**STORED DATA:**
# # # # #
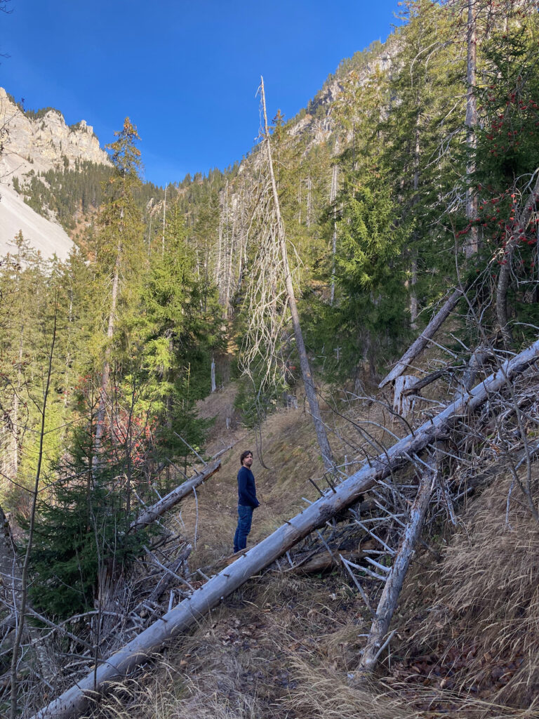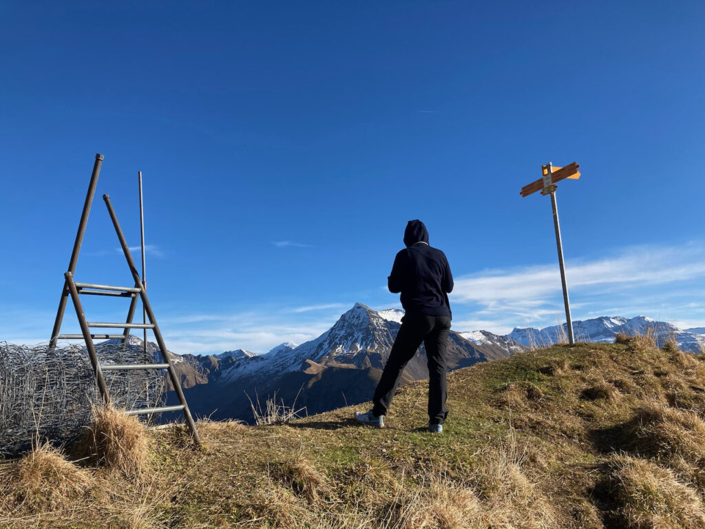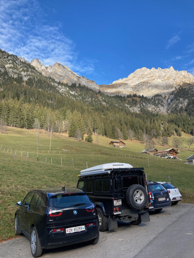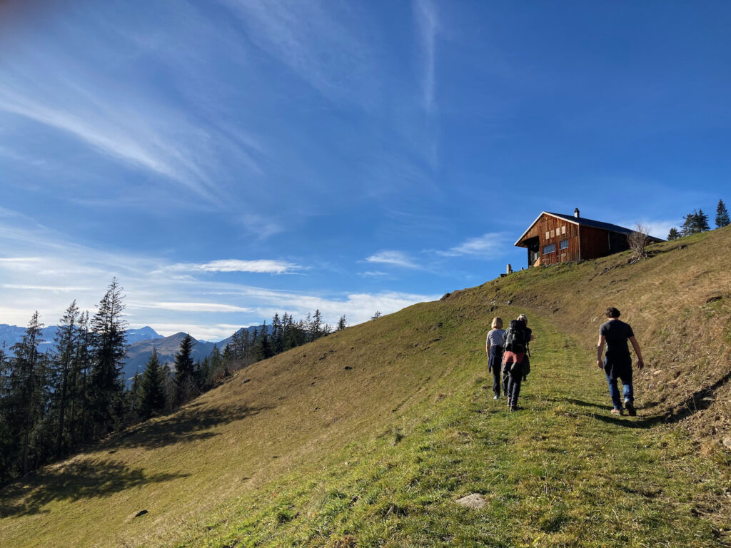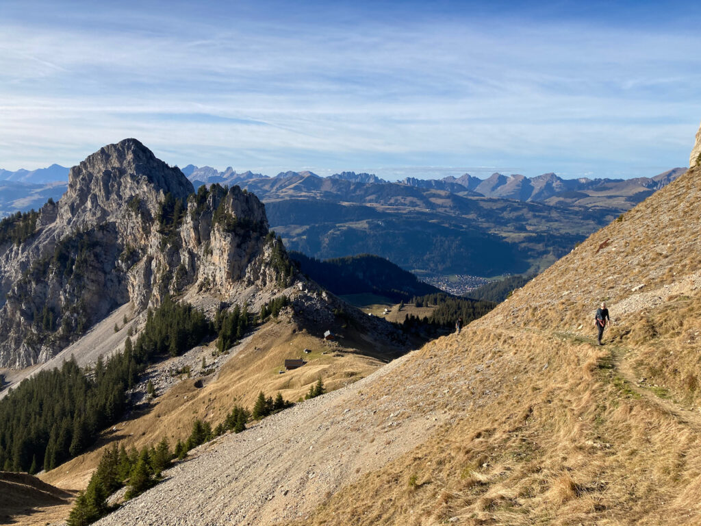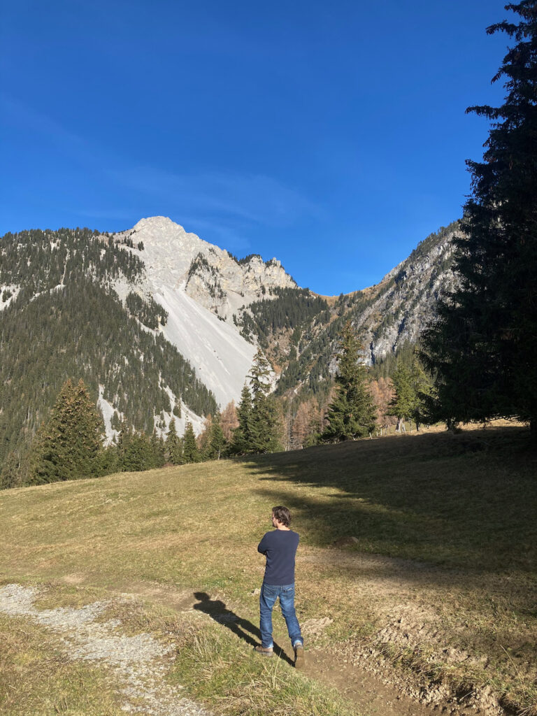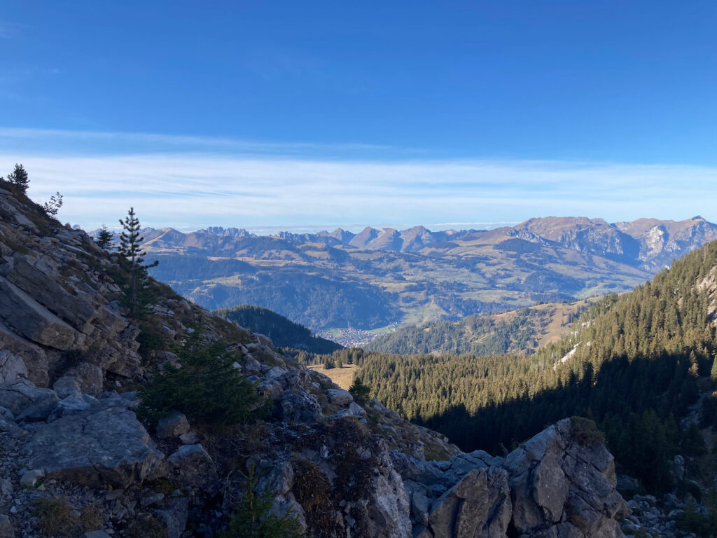 Mitte November und das Wochenende präsentiert sich wiederum überraschend mild, so steigen wir in unseren Elektroflitzer und treffen Ben und Nina beim Restaurant Alperose im Färmeltal ob St. Stephan. Zugegebenermassen hatte ich auch noch nie von diesem Tal gehört, es hat sich zu einem echten Hingucker erwiesen… doch seht selbst! Oberhalb von Stalden geht es schnurgerade durch duftend-gedüngte Wiesen hoch bis zum Höhenweg (siehe verlinkten Färmeltag-Weg am Ende dieses Posts), dann biegen wir links ab in Richtung Dachbode, die grossen Höhenmeter wollen wir uns nicht gleich zu Beginn antun. Von der Fernsicht in Richtung Plaine Morte – Ebene und den massiven Bergahornen angetan, machen wir einen grossen Bogen ums Schafbärgli, bis gegen Norden zwischen Gandhore und Brunnihore auf dem dazwischenliegenden Sattel unser Picknick-Plätzchen auftaucht… zuerst die Arbeit, dann das Vergnügen.
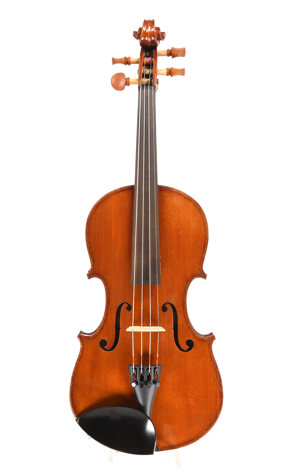 „Médio Fino“ war eine Marke des berühmten Herstellers Jérôme Thibouville-Lamy (JTL) in Mirecourt, unter der im späten 19. Jahrhundert sehr beliebte Geigen angeboten wurden. Mit ihrem einfacheren Standard, aber sehr guten Spiel- und Klangeigenschaften waren die Instrumente dieser Reihe insbesondere für junge Spieler geeignet. Auch die hier angebotene Médio-Fino 1/2 Geige ist mit ihrer antiken Erscheinung und ihrem unaufdringlichen, warmen und doch hellen, süßen Klang ein höchst attraktives Instrument. Es wurde nach dem bewährten Stradivari-Modell gebaut und mit einem typischen, dunkel-bordeauxroten Spirituslack versehen. Komplett in unserer Geigenbauwerkstat überholt und eingestellt, bieten wir diese Geige in sehr gutem, spielfertigen Zustand an.
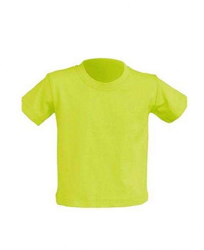 Baby Kurzarm T-Shirt. Lycra Rippenhals. Seitennähte am Körper. Schulter zu Schulter Band.
# # # # #
The answer must be the data above, repeated exactly, with no pictures.

 Mitte November und das Wochenende präsentiert sich wiederum überraschend mild, so steigen wir in unseren Elektroflitzer und treffen Ben und Nina beim Restaurant Alperose im Färmeltal ob St. Stephan. Zugegebenermassen hatte ich auch noch nie von diesem Tal gehört, es hat sich zu einem echten Hingucker erwiesen… doch seht selbst! Oberhalb von Stalden geht es schnurgerade durch duftend-gedüngte Wiesen hoch bis zum Höhenweg (siehe verlinkten Färmeltag-Weg am Ende dieses Posts), dann biegen wir links ab in Richtung Dachbode, die grossen Höhenmeter wollen wir uns nicht gleich zu Beginn antun. Von der Fernsicht in Richtung Plaine Morte – Ebene und den massiven Bergahornen angetan, machen wir einen grossen Bogen ums Schafbärgli, bis gegen Norden zwischen Gandhore und Brunnihore auf dem dazwischenliegenden Sattel unser Picknick-Plätzchen auftaucht… zuerst die Arbeit, dann das Vergnügen.
 „Médio Fino“ war eine Marke des berühmten Herstellers Jérôme Thibouville-Lamy (JTL) in Mirecourt, unter der im späten 19. Jahrhundert sehr beliebte Geigen angeboten wurden. Mit ihrem einfacheren Standard, aber sehr guten Spiel- und Klangeigenschaften waren die Instrumente dieser Reihe insbesondere für junge Spieler geeignet. Auch die hier angebotene Médio-Fino 1/2 Geige ist mit ihrer antiken Erscheinung und ihrem unaufdringlichen, warmen und doch hellen, süßen Klang ein höchst attraktives Instrument. Es wurde nach dem bewährten Stradivari-Modell gebaut und mit einem typischen, dunkel-bordeauxroten Spirituslack versehen. Komplett in unserer Geigenbauwerkstat überholt und eingestellt, bieten wir diese Geige in sehr gutem, spielfertigen Zustand an.
 Baby Kurzarm T-Shirt. Lycra Rippenhals. Seitennähte am Körper. Schulter zu Schulter Band.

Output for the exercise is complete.